Ever since this issue came up I felt like chasing my tail …

I think that my issue might have been slightly different from the one described here, in that I could never catch the delay with an @time statement and was seeing much longer than 110 second delays.

I believe the PR now has been merged. I still see similar results as I showed previously (I think).

For CmdStan.jl, Stan.jl and soon StatisticalRethinking.jl (v2.0.0) I’ve now removed most packages from the respective Project.toml and put glue code behing a Requires.jl barrier.

In my opinion this makes these packages usable again and pass through Travis, but basically makes my favorite workflow, working in project environments, useless. I wonder if somehow this could be fixed by using artifacts?

               _
   _       _ _(_)_     |  Documentation: https://docs.julialang.org
  (_)     | (_) (_)    |
   _ _   _| |_  __ _   |  Type "?" for help, "]?" for Pkg help.
  | | | | | | |/ _` |  |
  | | |_| | | | (_| |  |  Version 1.5.0-DEV.230 (2020-02-03)
 _/ |\__'_|_|_|\__'_|  |  Commit 3720edfc06 (0 days old master)
|__/                   |

julia> @time using HangTest
  7.372015 seconds (19.71 M allocations: 1021.494 MiB, 3.32% gc time)

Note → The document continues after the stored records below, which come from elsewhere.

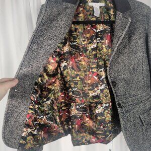 CAbi 629 Women’s Size 8 Coat Tweed Gray Blazer Wool Fox Hunt Horse EUC
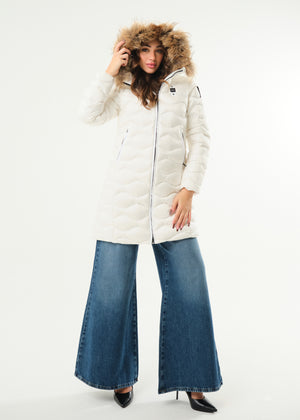 Piumino lungo Lynel ad onde con pelliccia ed interno a contrasto di colore, tasche laterali e chiusura centrale con zip a doppio cursore, passante logato frontale e patch logato.
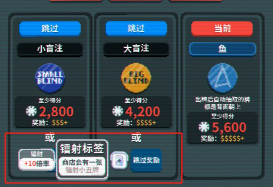 游戏的盲注跳过是一大特点,如果玩家选择跳过盲注,将会失去战斗奖励和一次商店交易成长的机会,这一点其实本质上也是运用了赌徒心理,跳过盲注可能会获得一些增益效果,但是增益效果往往是不明确的,例如下图中的镭射效果,因为你不知道附有镭射效果的卡牌是否会是你想要的牌,在你的小丑牌组合不够顺利的时候,错失金币和一次成长的机会往往可能会让自己陷入困境。前中期如果连续跳过奖励运气不好往往意味着重开,但对于rogue来说,重开是再正常不过的事情,更何况对于这种快节奏的卡牌。
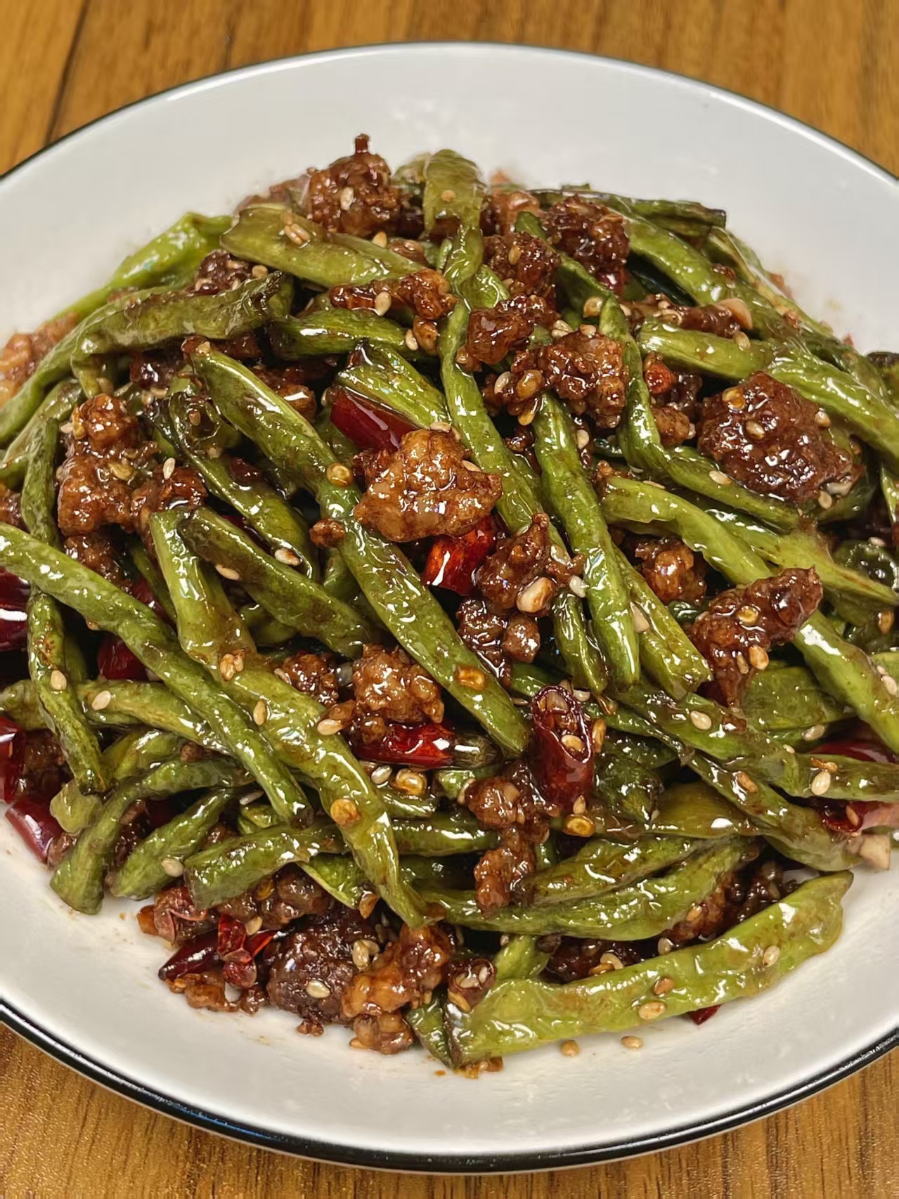 加入炒好的肉末,加 1.5 勺生抽、半勺蚝油、少许盐和鸡精,大火快速翻炒 2 分钟,让豆角均匀裹上调料,出锅前撒上白芝麻即可(外焦里嫩,香辣过瘾,越吃越香)。

julia> @time using MCMCChains
  0.883836 seconds (1.96 M allocations: 93.365 MiB, 12.77% gc time)

julia> @time using KernelDensity
  0.000266 seconds (493 allocations: 25.938 KiB)

julia> @time using Optim
  0.000329 seconds (573 allocations: 30.047 KiB)

Just KernelDensity:

               _
   _       _ _(_)_     |  Documentation: https://docs.julialang.org
  (_)     | (_) (_)    |
   _ _   _| |_  __ _   |  Type "?" for help, "]?" for Pkg help.
  | | | | | | |/ _` |  |
  | | |_| | | | (_| |  |  Version 1.5.0-DEV.230 (2020-02-03)
 _/ |\__'_|_|_|\__'_|  |  Commit 3720edfc06 (0 days old master)
|__/                   |

julia> @time using KernelDensity
  5.355851 seconds (10.91 M allocations: 578.610 MiB, 2.79% gc time)

Just Optim:

               _
   _       _ _(_)_     |  Documentation: https://docs.julialang.org
  (_)     | (_) (_)    |
   _ _   _| |_  __ _   |  Type "?" for help, "]?" for Pkg help.
  | | | | | | |/ _` |  |
  | | |_| | | | (_| |  |  Version 1.5.0-DEV.230 (2020-02-03)
 _/ |\__'_|_|_|\__'_|  |  Commit 3720edfc06 (0 days old master)
|__/                   |

julia> @time using Optim
  3.096964 seconds (7.38 M allocations: 392.797 MiB, 4.15% gc time)

That PR was only about delay in having to recompile a bunch of code after a package was loaded. You wouldn’t see it just timing the load time of the package and it wasn’t intended to help with that.